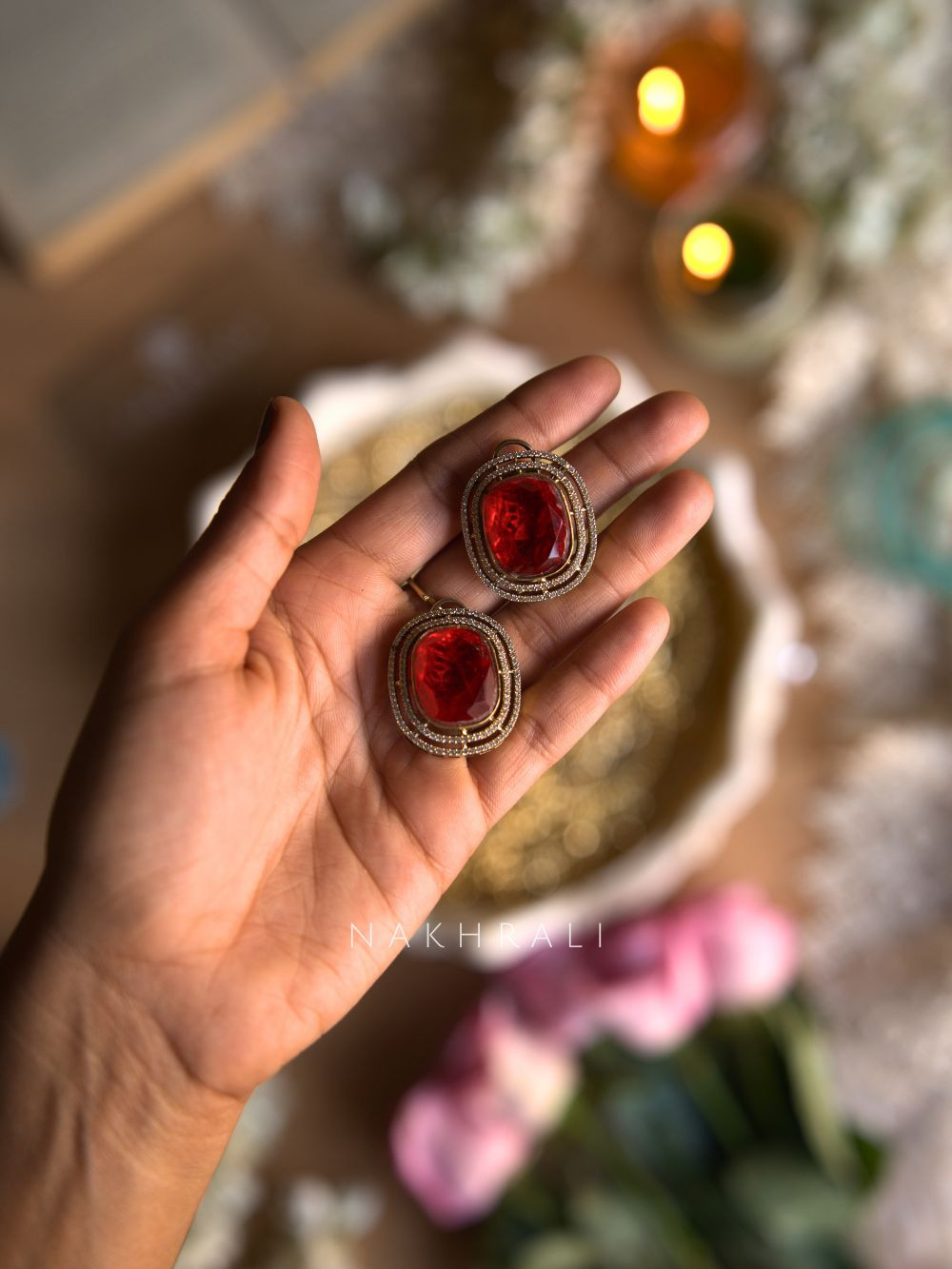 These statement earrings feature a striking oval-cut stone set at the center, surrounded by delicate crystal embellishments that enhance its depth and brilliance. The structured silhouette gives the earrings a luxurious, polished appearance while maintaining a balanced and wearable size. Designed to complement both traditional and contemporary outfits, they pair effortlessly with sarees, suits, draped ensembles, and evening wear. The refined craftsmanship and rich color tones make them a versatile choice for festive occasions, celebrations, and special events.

━━━

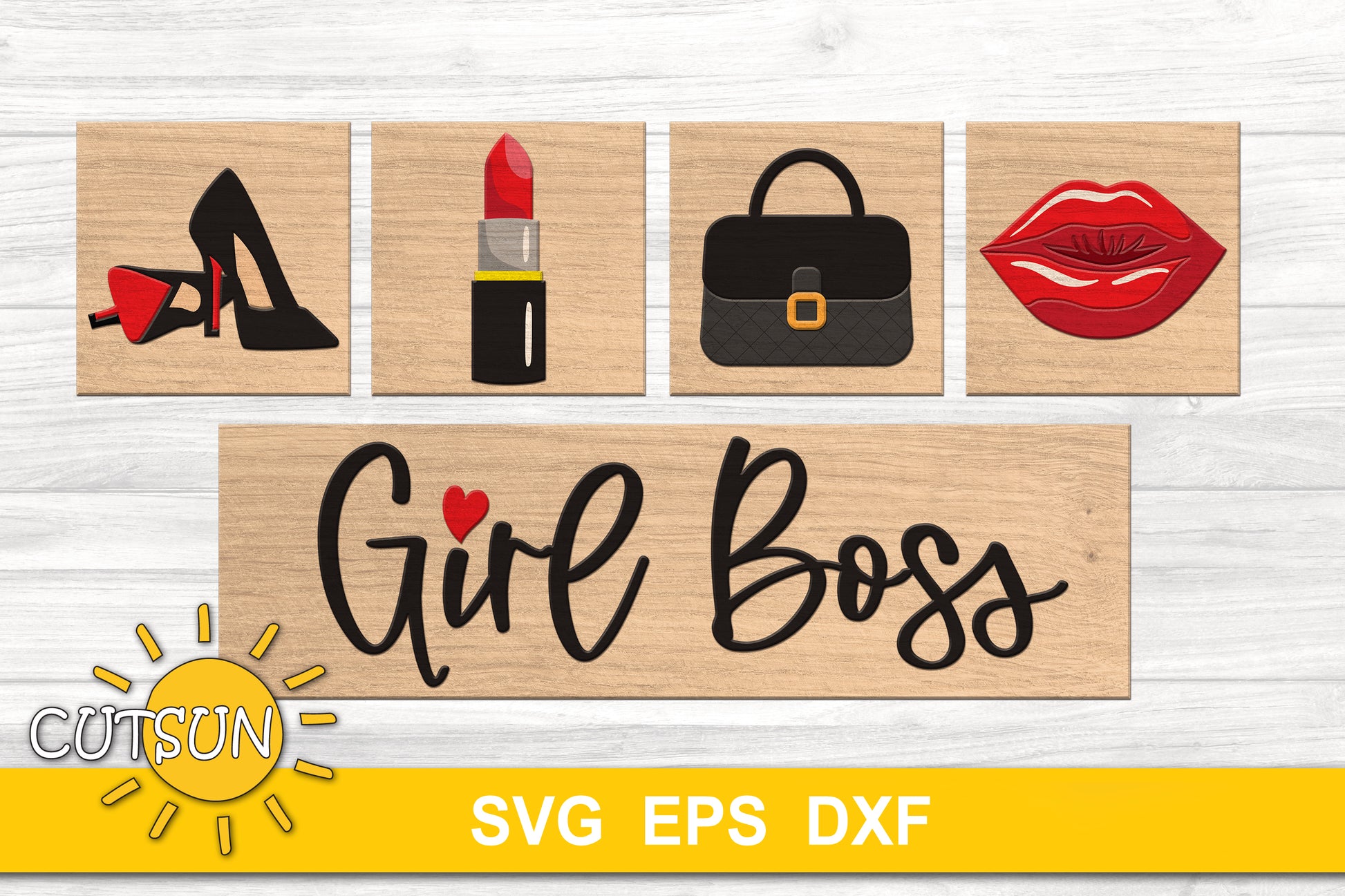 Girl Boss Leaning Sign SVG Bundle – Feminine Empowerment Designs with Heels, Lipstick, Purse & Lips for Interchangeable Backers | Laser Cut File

━━━

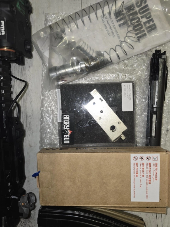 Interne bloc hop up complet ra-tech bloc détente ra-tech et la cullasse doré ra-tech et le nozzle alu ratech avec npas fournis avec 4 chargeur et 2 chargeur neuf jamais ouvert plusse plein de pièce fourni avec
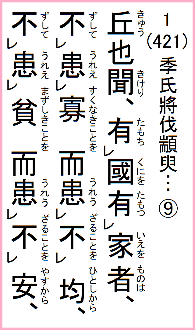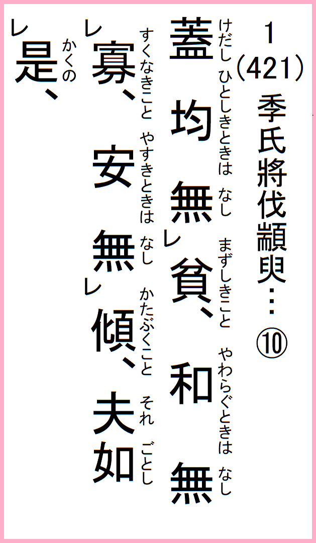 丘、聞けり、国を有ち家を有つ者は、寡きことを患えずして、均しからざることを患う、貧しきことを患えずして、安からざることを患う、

━━━

• [HOW TO COMPLETE THIS TASK]: In the records above, find the line containing "Interne bloc hop" and the line containing "丘、聞けり、国を有ち家を有つ", then give both of them again word for word along with every line between. Omit any pictures.

• [ANSWER TO THIS EXERCISE]:
 Interne bloc hop up complet ra-tech bloc détente ra-tech et la cullasse doré ra-tech et le nozzle alu ratech avec npas fournis avec 4 chargeur et 2 chargeur neuf jamais ouvert plusse plein de pièce fourni avec
 丘、聞けり、国を有ち家を有つ者は、寡きことを患えずして、均しからざることを患う、貧しきことを患えずして、安からざることを患う、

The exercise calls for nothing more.